1. Start with Simple Algorithms: For discrete action spaces, start with DQN; for continuous action spaces, start with DDPG or SAC.

# For discrete action spaces
if isinstance(env.action_space, neurenix.rl.spaces.Discrete):
    agent = neurenix.rl.agents.DQNAgent(
        observation_space=env.observation_space,
        action_space=env.action_space,
        config={"learning_rate": 0.001, "gamma": 0.99}
    )
# For continuous action spaces
elif isinstance(env.action_space, neurenix.rl.spaces.Box):
    agent = neurenix.rl.agents.SACAgent(
        observation_space=env.observation_space,
        action_space=env.action_space,
        config={"learning_rate": 0.0003, "gamma": 0.99, "tau": 0.005}
    )

1. Consider Sample Efficiency: For tasks with limited samples, use off-policy algorithms like DQN, DDPG, or SAC.

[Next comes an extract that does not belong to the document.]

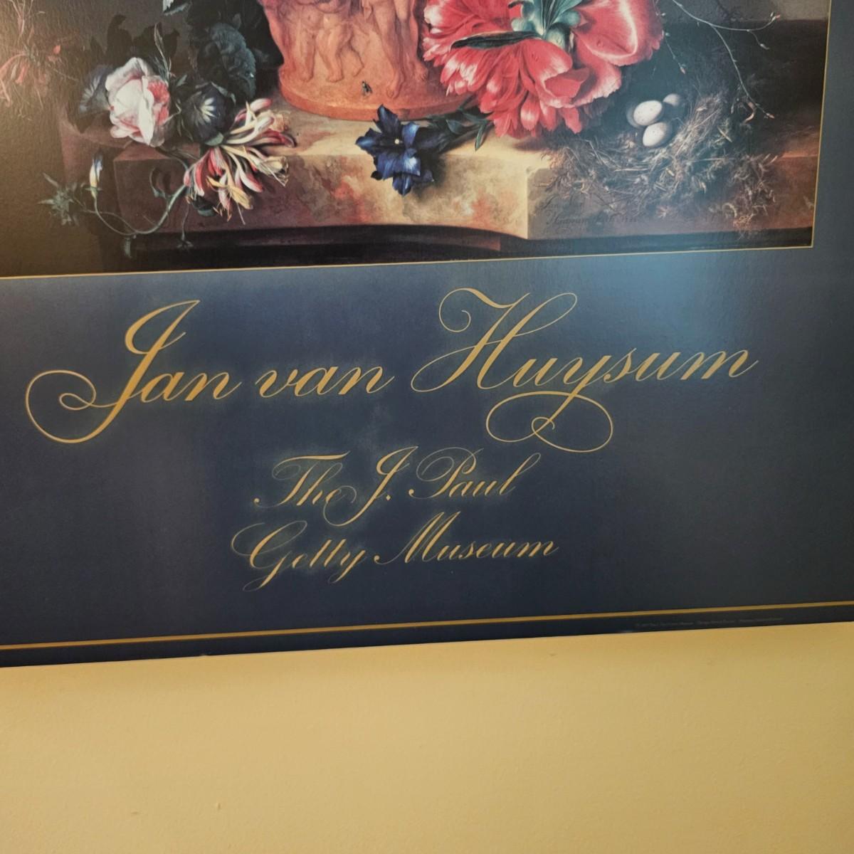 A still life print of flowers in a ceramic pot from the J. Paul Getty Museum. Original by Jan van Huysum. Print is on a wooden frame, measures 24" x 2" x 36"H. See photos for details. Shipping available. Shipping art can be costly. We suggest contacting our preferred local shipping provider, Postage Express, with dimensions and getting an estimate before bidding: (828) 670-5501 or postageexpress@yahoo.com.
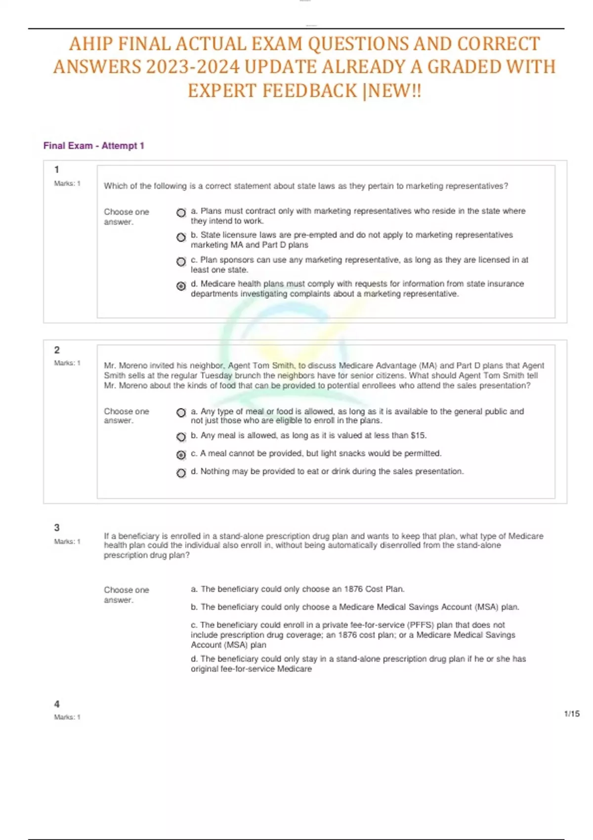 AHIP FINAL ACTUAL EXAM QUESTIONS AND CORRECT

2. Use Model-Based Methods for Complex Tasks: For complex tasks with sparse rewards, consider model-based methods like MBPO or Dreamer.

Hyperparameter Tuning¶

1. Start with Default Hyperparameters: Begin with the default hyperparameters provided in the documentation.

2. Tune Learning Rate and Batch Size: These are often the most important hyperparameters to tune.

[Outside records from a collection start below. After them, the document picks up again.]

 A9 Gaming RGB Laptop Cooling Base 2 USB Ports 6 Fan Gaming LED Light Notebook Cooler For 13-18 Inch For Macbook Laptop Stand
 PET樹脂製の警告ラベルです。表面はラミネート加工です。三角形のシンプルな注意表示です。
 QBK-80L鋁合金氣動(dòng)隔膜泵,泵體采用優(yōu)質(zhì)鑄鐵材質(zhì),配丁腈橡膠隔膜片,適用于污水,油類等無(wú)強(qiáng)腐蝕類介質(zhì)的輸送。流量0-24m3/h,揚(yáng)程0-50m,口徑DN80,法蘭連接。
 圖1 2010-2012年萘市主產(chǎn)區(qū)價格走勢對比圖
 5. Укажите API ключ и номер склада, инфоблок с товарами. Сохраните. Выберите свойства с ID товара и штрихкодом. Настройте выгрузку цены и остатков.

3. Adjust Exploration Parameters: Fine-tune exploration parameters based on the task complexity.

Environment Preprocessing¶

1. Normalize Observations: Normalize observations to improve learning stability.

2. Stack Frames for Partial Observability: Stack consecutive frames for environments with partial observability.

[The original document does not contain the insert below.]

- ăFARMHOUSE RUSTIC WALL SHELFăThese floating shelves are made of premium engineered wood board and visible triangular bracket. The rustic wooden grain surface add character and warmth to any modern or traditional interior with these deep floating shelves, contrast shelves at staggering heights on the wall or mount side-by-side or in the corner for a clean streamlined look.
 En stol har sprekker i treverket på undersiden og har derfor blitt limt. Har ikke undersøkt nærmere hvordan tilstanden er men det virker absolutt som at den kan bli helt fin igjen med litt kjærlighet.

3. Scale Rewards: Scale rewards to improve learning stability.

Tutorials¶

Training a DQN Agent on CartPole¶

import neurenix
import gym
from neurenix.rl.agents import DQNAgent
from neurenix.rl.wrappers import Monitor

# Create environment
env = gym.make("CartPole-v1")
env = Monitor(env, directory="./logs")

# Create agent
agent = DQNAgent(
    observation_space=env.observation_space,
    action_space=env.action_space,
    config={
        "learning_rate": 0.001,
        "gamma": 0.99,
        "epsilon_start": 1.0,
        "epsilon_end": 0.01,
        "epsilon_decay": 0.995,
        "buffer_size": 10000,
        "batch_size": 64,
        "update_frequency": 4,
        "target_update_frequency": 1000,
        "hidden_layers": [64, 64],
        "activation": "relu",
        "optimizer": "adam"
    }
)

# Training loop
num_episodes = 500
max_steps = 500
rewards = []

for episode in range(num_episodes):
    observation, _ = env.reset()
    episode_reward = 0

    for step in range(max_steps):
        # Select action
        action = agent.act(observation, explore=True)

        # Take action
        next_observation, reward, terminated, truncated, _ = env.step(action)
        done = terminated or truncated

        # Store experience
        agent.memory.add(observation, action, reward, next_observation, done)

        # Learn
        if len(agent.memory) > agent.batch_size:
            experiences = agent.memory.sample(agent.batch_size)
            agent.learn(experiences)

        # Update observation
        observation = next_observation
        episode_reward += reward

        # Check if episode is done
        if done:
            break

    # Update target network
    if episode % agent.target_update_frequency == 0:
        agent.update_target_network()

    # Decay epsilon
    agent.epsilon = max(
        agent.epsilon_end,
        agent.epsilon * agent.epsilon_decay
    )

    # Track rewards
    rewards.append(episode_reward)

    # Print progress
    if episode % 10 == 0:
        mean_reward = sum(rewards[-10:]) / 10
        print(f"Episode {episode}, Mean Reward: {mean_reward:.2f}, Epsilon: {agent.epsilon:.2f}")